Rail Infrastructure Corporation, later known as Country Rail Infrastructure Authority after July 2010, was a Government of New South Wales statutory corporation with responsibility for the management of the railway network in rural New South Wales, Australia.

Rail Infrastructure Corporation was accountable to its two voting shareholders, the Treasurer and Minister for Transport.

History
In January 2001 Rail Infrastructure Corporation was formed taking over responsibility for ownership and maintenance of the infrastructure from Rail Access Corporation and Railway Services Authority.

In January 2004, after much criticism and public perceptions of blame shifting between units for operational failings, RailCorp was formed taking over the passenger train operations from the State Rail Authority and responsibility for maintaining the greater metropolitan network from Rail Infrastructure Corporation.
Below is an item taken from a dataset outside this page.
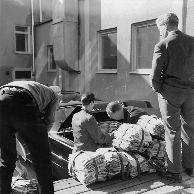 Exteriör från Solna 1. Ilastning av buntar i taxibil.
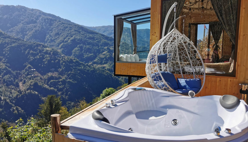 Parece um cenário de filme, mas este alojamento existe mesmo e está a 850 metros de altura na zona montanhosa de Adjara, uma república autónoma da Geórgia. Chama-se Eco House Merisi e oferece cabines ecológicas com decoração cuidada, varandas panorâmicas e uma vista que tira o fôlego — o que torna este lugar único no país.

In September 2004 Rail Infrastructure Corporation leased the interstate and Hunter Valley lines to the Government of Australia owned Australian Rail Track Corporation for 60 years. The lines covered by the lease are:
Main South line between Macarthur and Albury
North Coast line between Broadmeadow and the Queensland border
Main North line between Maitland and Werris Creek
Broken Hill line between Parkes and Broken Hill
Unanderra to Moss Vale line
Sandy Hollow to Gulgong line
Stockinbingal to Parkes line
Parkes to Narromine line
Troy Junction to Merrygoen line

Rail Infrastructure Corporation also contracted operational responsibility of the remainder of its country branch lines to the Australian Rail Track Corporation, however from January 2012 this was transferred to the John Holland Group.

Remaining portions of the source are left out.